Thresholds to be ‘extensively’, ‘deeply’, or ‘narrowly’ happy
Based on all answers for the 33 indicators, it can be determined on how many indicators a person is sufficient, and a judgement is given how happy a person is. These thresholds are as follows:
- Sufficiency in 77%-100% of the weighted 33 indicators: deeply happy
- Sufficiency in 66%-76%: extensively happy
- Sufficiency in 50%-65%: narrowly happy
- Sufficiency in 0%-49%: unhappy or ‘not-yet-happy’
Of course these cut-off limits are arbitrary. If we want to express the GNH or happiness in a number, I would consider the first two categories as happy, and the lower two as unhappy. But in one Bhutanese newspaper, I’ve read an article grouping the first three under ‘happy’, hence resulting in a headline stating that more than 90% of Bhutanese are happy.
How valid are these figures?
Within happiness research, there is a continuous discussion on the reliability, validity, and overall usefulness of indicators to measure happiness, well-being, life satisfaction, and quality of life. An important part of these is the distinction between objective and subjective indicators.
For instance, a subjective indicator like ‘life satisfaction’ asks people to rate their overall level of life satisfaction. Of course people throughout cultures and with different personalities would assess their levels differently. A certain level of happiness could be expressed as an 8 by one person and as a 7 of another person. In addition, the bias might differ from country to country. For instance, one could theorise that people in Bhutan aware of the concept of GNH could be under pressure to answer with a high number, increasing the average.

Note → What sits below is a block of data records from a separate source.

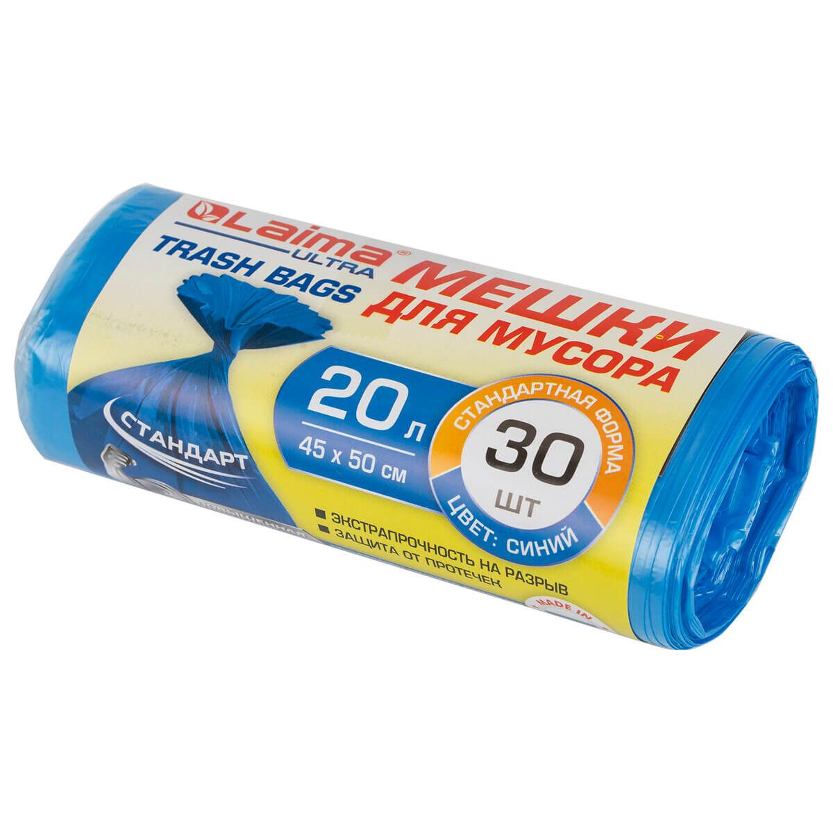 Мешки для мусора 20 л, синие, в рулоне 30 шт., ПНД, 8 мкм, 500х450 мм, LAIMA, 607682 в Тамбове
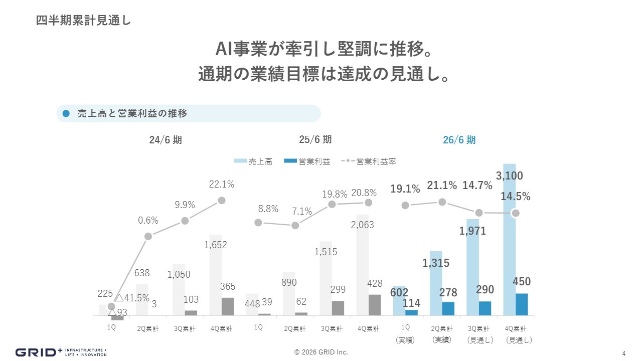 曽我部完氏(以下、曽我部):みなさま、こんにちは。株式会社グリッド代表取締役社長の曽我部完です。2026年6月期第2四半期の決算説明を行います。
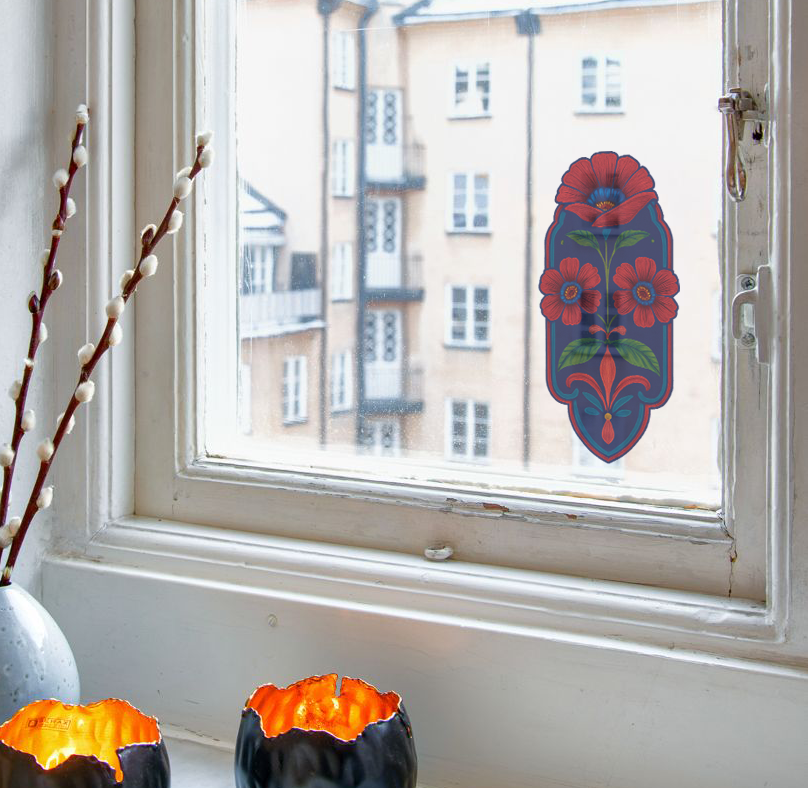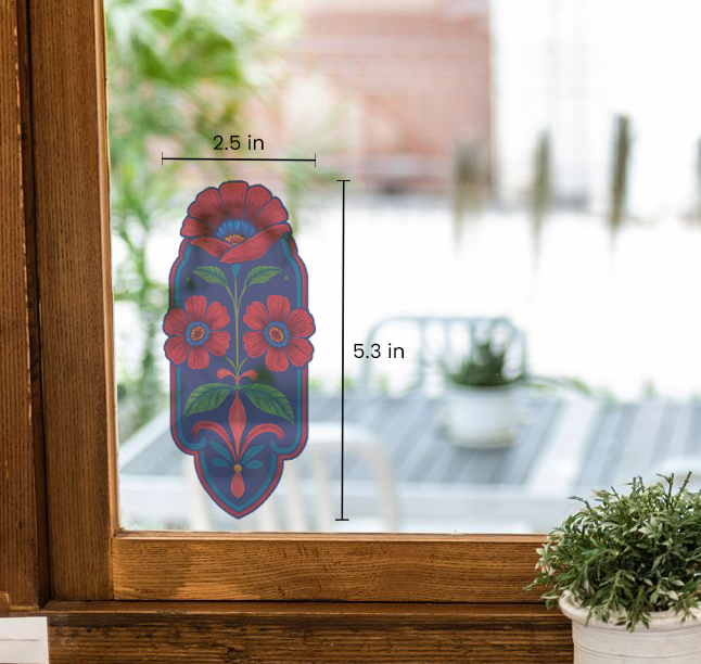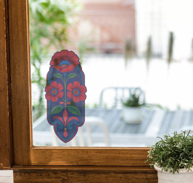 This exquisite glass decal showcases a bold, artistic floral motif inspired by traditional Indian craftsmanship. Vibrant red blossoms with intricate blue and gold centers bloom gracefully against a deep navy backdrop, framed by a striking ornamental arch. The lush green leaves and elegant detailing evoke a regal yet lively mood, perfect for adding sophistication and a touch of cultural charm to any glass door, window, or partition. The rich colors and hand-painted effect bring warmth and timeless elegance to modern or traditional spaces alike.

To some extent, the use of objective criteria – like the number of years of schooling – avoids these problems. But again, there are problems with objective criteria. Most importantly, they assume that the researcher can reliably determine what qualify of life is for a respondent. What if a person has had only five years of schooling, but is still satisfied with this? Ultimately, there is no way around this dilemma, and it is one of the reasons for criticism of alternative indicators.
It’s the trend, not the headline figure, that counts
Happiness, though, is not an exact science. Parties deal differently with this reality. The Centre for Bhutan Studies (and also, the OECD), has considered that the best way is to use objective indicators where available, and subjective indicators where necessary. As researcher Tshoki Zangmo explained me, the CBS feels that a balance is needed as they’re both important to determine GNH.
When you dig deep into these, every choice has methodological and practical limitations. Every measure for happiness or well-being is imperfect, arbitrary and subject to criticism. Of course the same can be said for the GDP measures that happiness indicators aim to provide an alternative for!
Also, the trends within the nine different domains and constituent indicators are probably more relevant for the policy than the ultimate outcome in numbers. For instance, a finding that psychological well-being is decreasing, that might be a lot more useful input to public policy than the conclusion that overall GNH is 0.756.
The present article is based on the methodology of the GNH index 2015 and some separate questions to CBS researcher Tshoki Zangmo.
The conference tent, with the stage in the front, seen from my seat among a group of local high school students.